Public account: Youerhuts author: Peter editor: Peter
My name is Peter, and I’m here to illustrate two important functions in Pandas: stack and unstack.
Stack and unstack are two ways to rearrange the shafts of pandas, and they are mutually inverse:
- Stack: rotates data columns into row index
- Unstack: Rotates the data row index into columns
- Both default to the innermost layer
Pandas serialized articles
This is the 16th article to be updated by Pandas.
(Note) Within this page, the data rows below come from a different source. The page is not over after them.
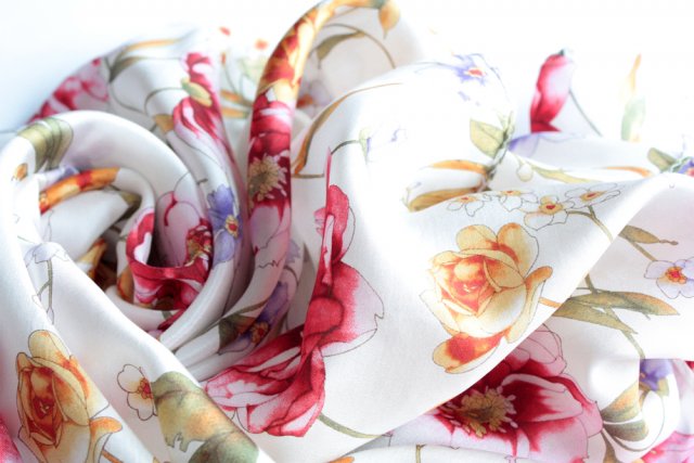 Przedstawiam Państwu przepiękną chustę ze stuprocentowego, delikatnego, szalenie eleganckiego jedwabiu.Wzory kwiatowe na białym tle.
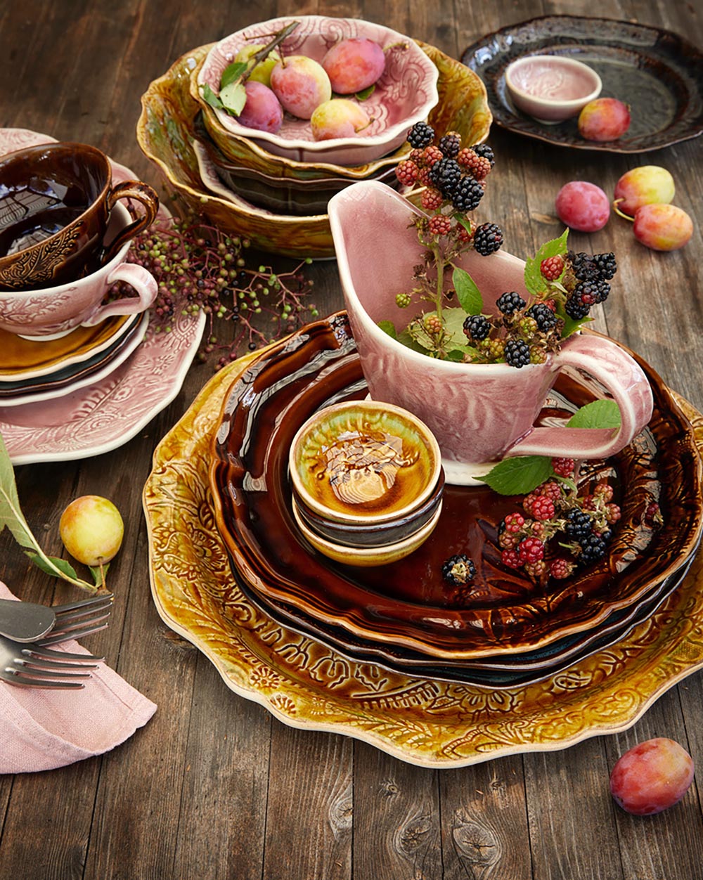 Ljuvliga glasyrer och härliga mönster som kompletterar varandra och ger liv åt bordet. Arabesque är livfulla mönster med blad, rankor och ornament som vackert tecknar sig i den glaserade keramiken. Ingen del är exakt lik den andre, men släktskapet är tydligt. Det är charmen och hela idéen med Arabesque.
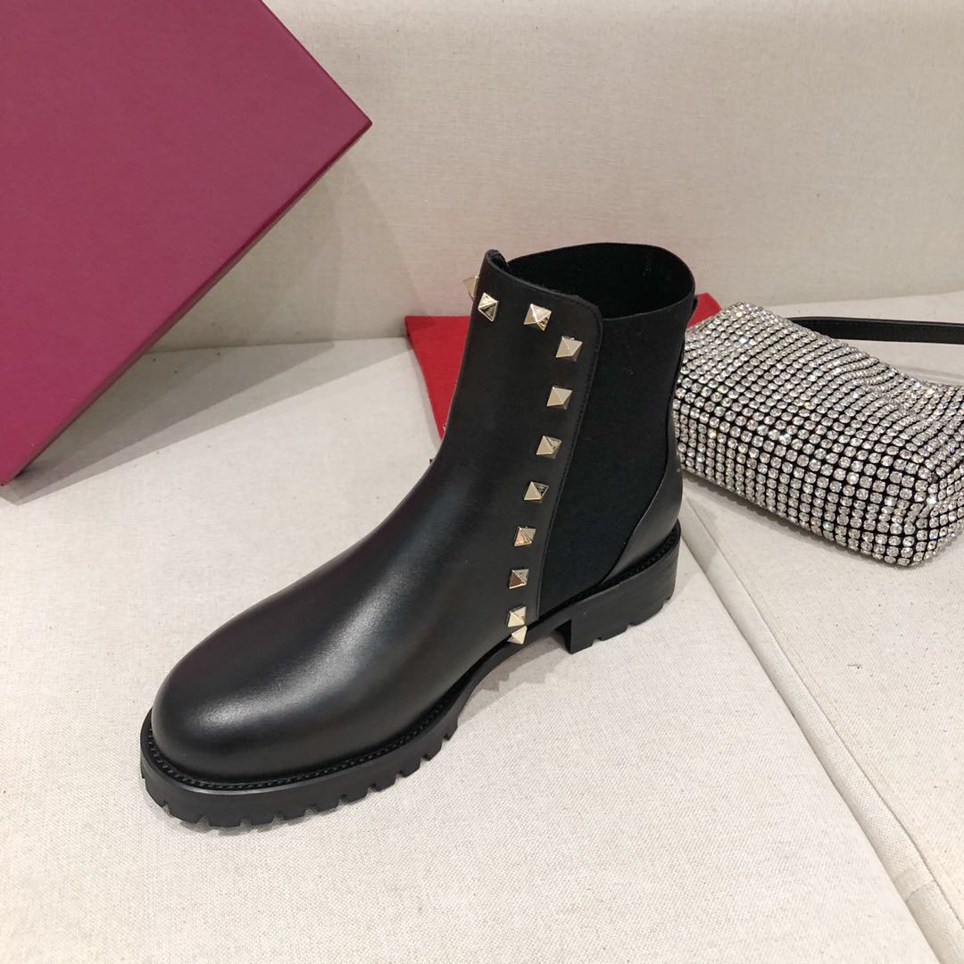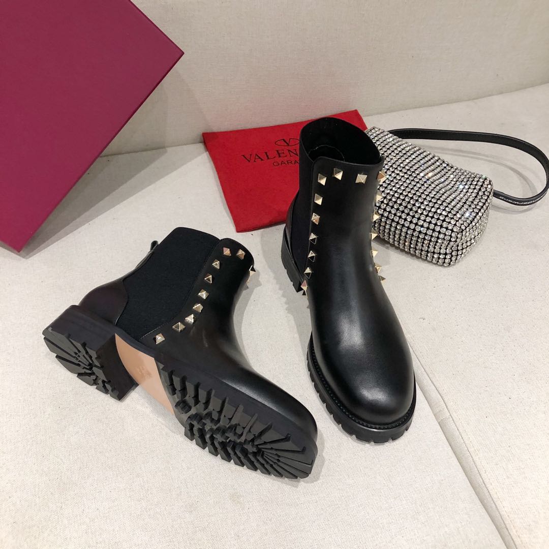 BOTA VALENTINO ROCKSTUD, MODELO EM COURO DETALHES EM METAL E SOLADO EMBORRACHADO
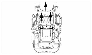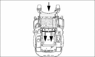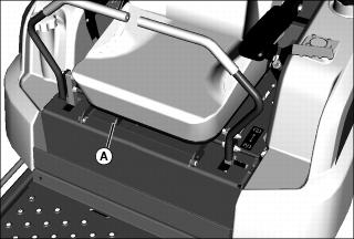 c CAUTION: Avoid injury! The seat is heavy and can cause injury if it falls. When performing any service function under the operator seat, make sure the seat stop rod securely locks the seat in the raised position.

Here are some detailed examples of how to use both
stack
The main function of the stack function is to turn the original column into the innermost row index, after the transformation is multi-level index. Official text:
Stack the prescribed level(s) from columns to index.
Use method:
pd.stack(level=-1, dropna=True)
Copy the code
- Level means that the transformation is the innermost level
- Dropna represents the processing of missing values
This is illustrated by a diagram on the website: the column property AB becomes the row index AB
Stack the single-layer DataFrame
import pandas as pd
import numpy as np
Copy the code
Take a look at the default:
We find that the index of DF2 has also become a multilevel index:
One more feature: When we stack a single-layer DataFrame, it becomes a Series:
Stack the multilayer DataFrame
First we generate a multilevel column number type
Simulate a multilevel column of attributes:
Look at the analog data DF3 for more information:
type(df3)
pandas.core.frame.DataFrame
df3.index
Index(['Ming'.'little red'], dtype='object')
df3.columns
MultiIndex([('information'.'sex'),
('information'.'weight') ",Copy the code
Look at the data after the stack:
The comparison
Compare the original data with the generated new data:
1. Index comparison
2. Column attribute comparison
3. Data type comparison
Parameter level
Level controls the stacking of one or more attributes; You can use numeric indexes or name indexes.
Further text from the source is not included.